Closed ZLLentz closed 9 months ago
@ZLLentz you can use rix-motion to test this functionality.
@jyotiphy I'll give this a go on rix today or tomorrow after you've merged/deployed your setpoints update, thank you!
let's pencil it for tomorrow, rather than try to squeeze it in at the end of the day
This worked in RIX today, though I may have found a new, unrelated (old) race condition. Here's the test I ran:
plc-kfe-rix-motion:
pmpsdb reload plc-kfe-rix-motion
)(pcds-5.8.1)zlentz@rix-console:~$ pmpsdb reload plc-kfe-rix-motion
INFO: Last file reloaded at: Wed Dec 31 16:00:00 1969
INFO: Refreshing...
INFO: This file reloaded at: Fri Feb 9 14:33:06 2024
I think the pmps db file loading failure here was unrelated since I didn't touch that code at all and since it only happened one of the two times.

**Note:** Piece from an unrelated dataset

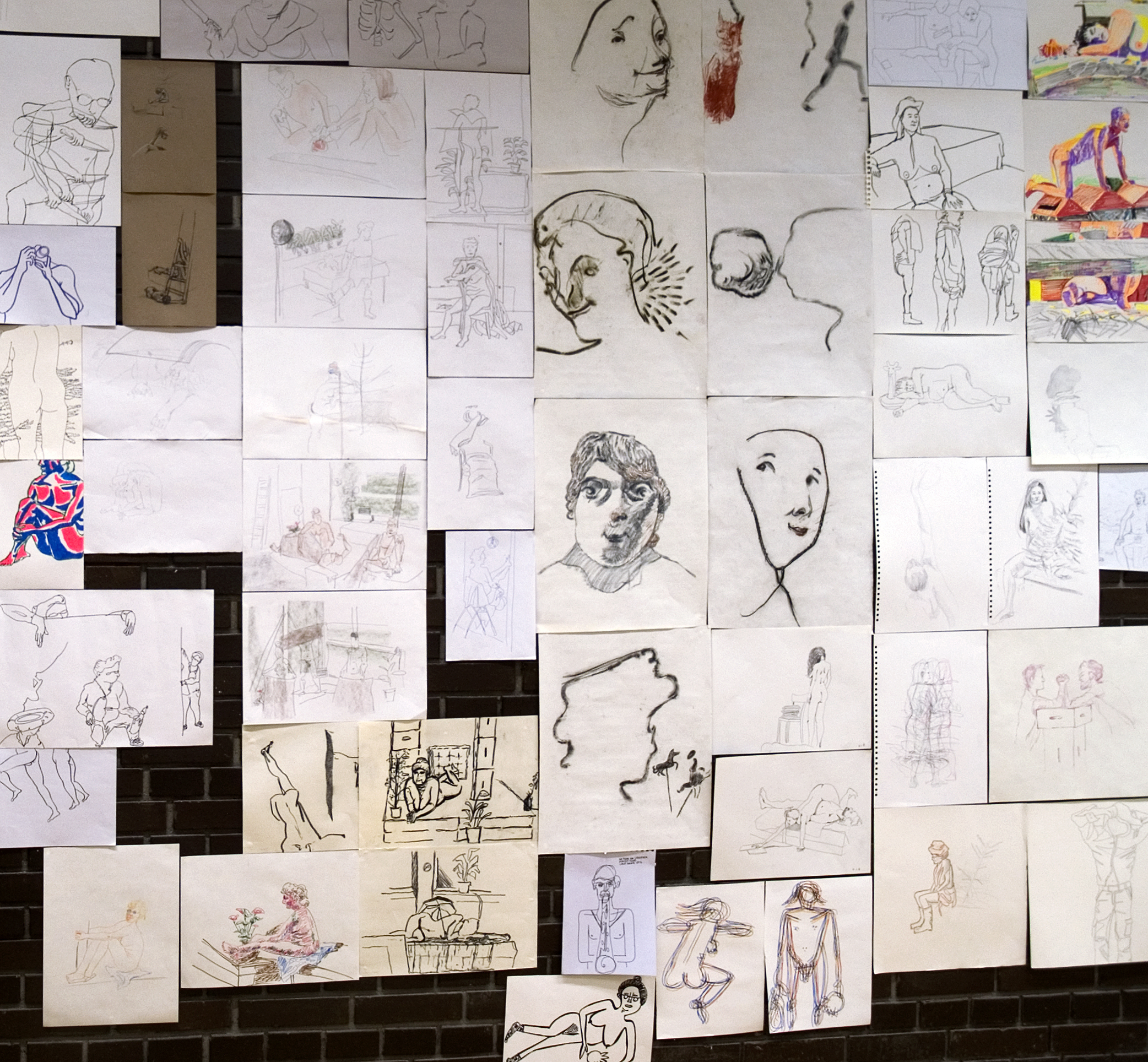 Die Unmittelbarkeit der zeichnerischen Umsetzung einer Situation vor Ort ermöglicht es, die begriffliche Vorstellung von Figuren und Gegenständen zu Gunsten einer nonverbal-visuellen Idee momenthaft zu verlassen. So können auch Rollenbilder zeichnerisch hinterfragt werden. Über den Versuch Personenkonstellationen in kurzer Zeit zeichnerisch zu erfassen, soll künstlerisches Risiko erprobt werden.

I'm convinced this works based on the unit test + the interactive usage. If @ghalym has a chance to review then I'll feel good about merging and making the fix available.
Description
There is a bad state that can happen at PLC startup when we initialize the states FBs. This is done using the first cycle positions which are not guaranteed to be initialized at that point. The impact of this bad state is essentially a fast fault until the first move or reset command: "Invalid goal position in state move"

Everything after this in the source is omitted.